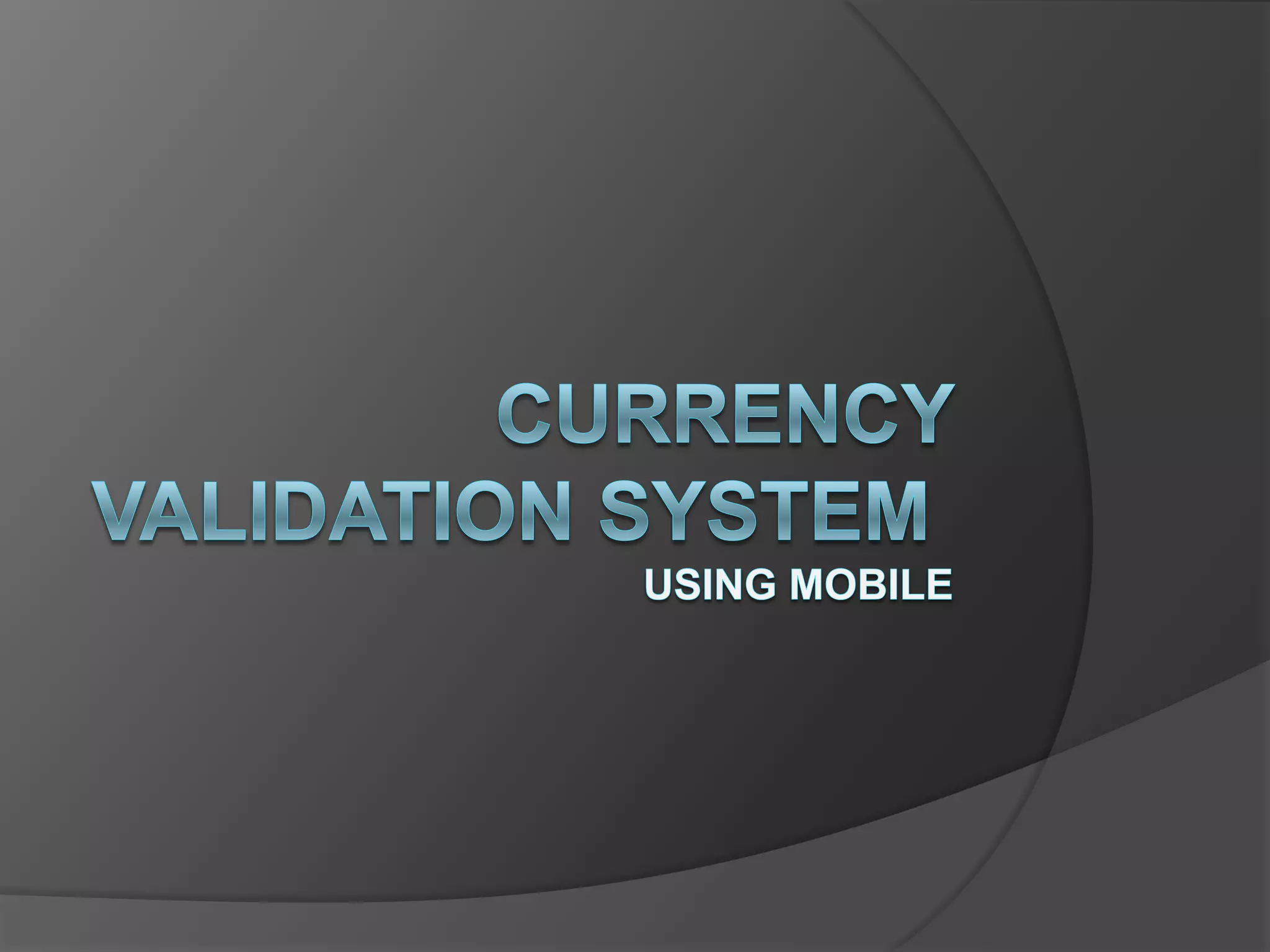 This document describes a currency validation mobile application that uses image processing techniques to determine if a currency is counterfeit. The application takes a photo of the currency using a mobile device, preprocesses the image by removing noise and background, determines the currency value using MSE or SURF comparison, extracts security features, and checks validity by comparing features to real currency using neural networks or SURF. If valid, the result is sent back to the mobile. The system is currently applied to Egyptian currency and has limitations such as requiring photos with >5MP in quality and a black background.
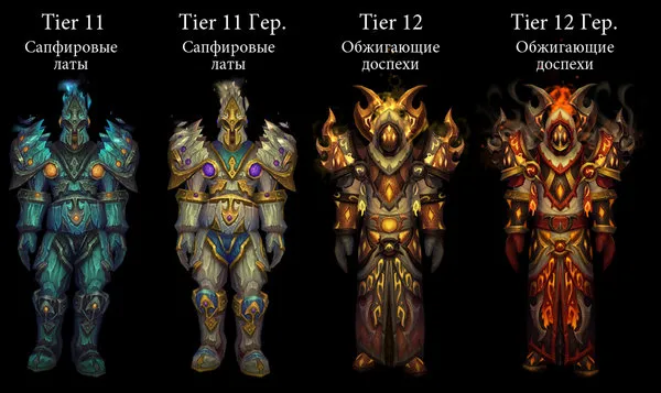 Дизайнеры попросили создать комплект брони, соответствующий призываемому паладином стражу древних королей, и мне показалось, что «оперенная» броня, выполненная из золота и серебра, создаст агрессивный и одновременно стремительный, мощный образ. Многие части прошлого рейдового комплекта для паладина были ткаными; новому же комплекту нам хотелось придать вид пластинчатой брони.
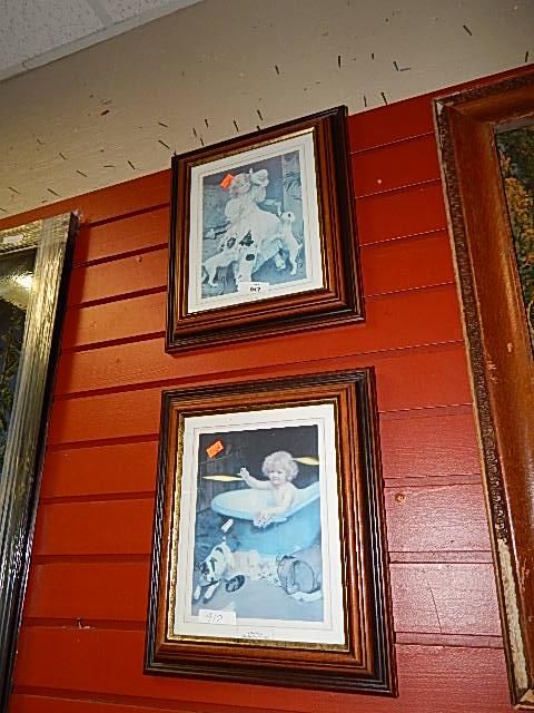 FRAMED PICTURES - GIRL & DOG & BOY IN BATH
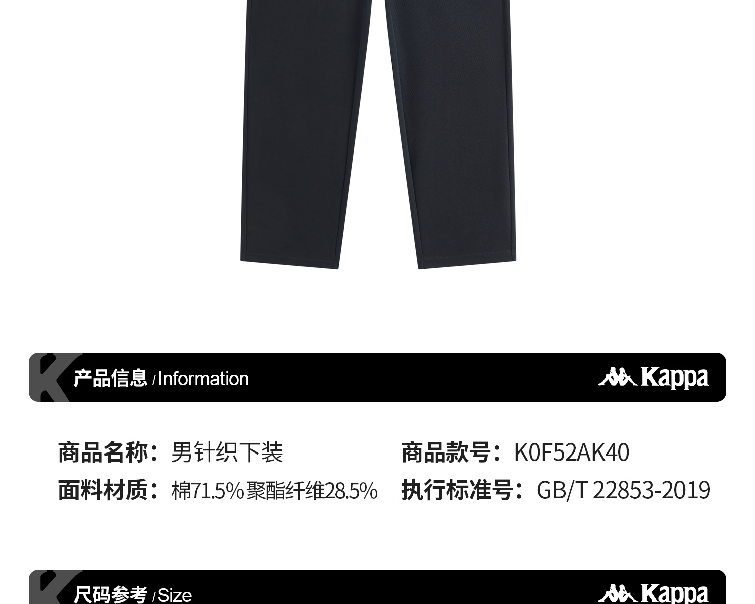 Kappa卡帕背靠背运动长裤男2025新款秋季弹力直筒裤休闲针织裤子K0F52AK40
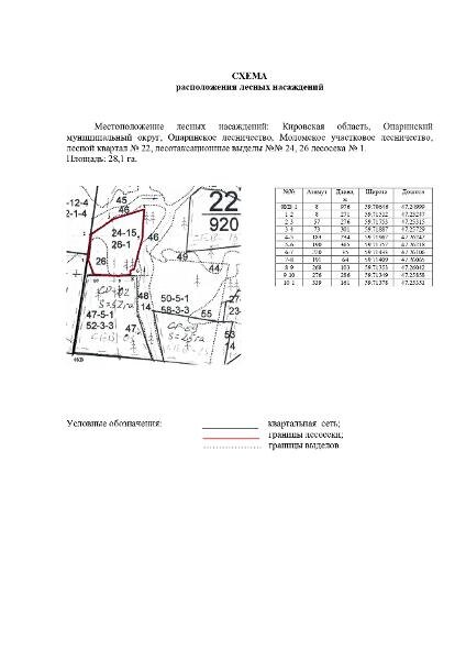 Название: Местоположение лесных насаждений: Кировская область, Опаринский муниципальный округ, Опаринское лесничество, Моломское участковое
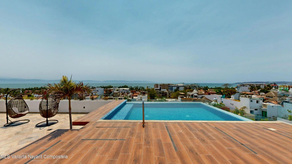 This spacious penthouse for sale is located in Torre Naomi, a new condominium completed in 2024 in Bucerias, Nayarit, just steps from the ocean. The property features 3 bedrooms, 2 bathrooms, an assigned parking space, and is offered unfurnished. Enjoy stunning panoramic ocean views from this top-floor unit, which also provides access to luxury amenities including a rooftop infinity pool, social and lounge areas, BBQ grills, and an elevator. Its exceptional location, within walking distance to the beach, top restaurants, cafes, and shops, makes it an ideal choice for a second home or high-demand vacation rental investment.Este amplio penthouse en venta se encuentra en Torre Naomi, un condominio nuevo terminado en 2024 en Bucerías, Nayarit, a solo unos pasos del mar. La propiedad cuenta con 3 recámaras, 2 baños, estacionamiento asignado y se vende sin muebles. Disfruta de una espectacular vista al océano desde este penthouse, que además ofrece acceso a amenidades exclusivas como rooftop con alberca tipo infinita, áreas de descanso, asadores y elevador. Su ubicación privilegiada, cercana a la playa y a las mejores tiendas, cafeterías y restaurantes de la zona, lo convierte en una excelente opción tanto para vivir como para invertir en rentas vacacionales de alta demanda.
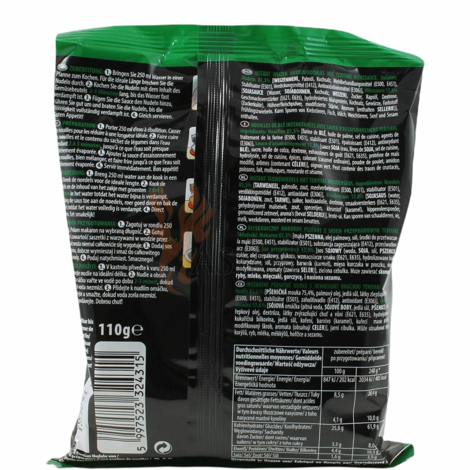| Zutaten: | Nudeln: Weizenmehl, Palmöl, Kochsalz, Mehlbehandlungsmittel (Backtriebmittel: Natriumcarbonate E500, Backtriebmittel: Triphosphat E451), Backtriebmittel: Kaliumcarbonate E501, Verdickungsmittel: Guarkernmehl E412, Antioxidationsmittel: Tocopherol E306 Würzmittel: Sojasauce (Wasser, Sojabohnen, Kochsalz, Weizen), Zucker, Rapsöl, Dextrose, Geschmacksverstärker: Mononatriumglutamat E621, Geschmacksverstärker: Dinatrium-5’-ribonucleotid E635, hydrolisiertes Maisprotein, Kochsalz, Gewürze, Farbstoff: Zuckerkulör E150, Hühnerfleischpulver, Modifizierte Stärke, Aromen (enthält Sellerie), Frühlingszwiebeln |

▶ [Problem]
Transcribe the lines above exactly, beginning at the one with "FRAMED PICTURES - GIRL & DOG & BOY IN BATH" and ending at the one with "Название: Местоположение лесных". Include both; exclude the pictures.

▶ [Exercise response]
 FRAMED PICTURES - GIRL & DOG & BOY IN BATH
 Kappa卡帕背靠背运动长裤男2025新款秋季弹力直筒裤休闲针织裤子K0F52AK40
 Название: Местоположение лесных насаждений: Кировская область, Опаринский муниципальный округ, Опаринское лесничество, Моломское участковое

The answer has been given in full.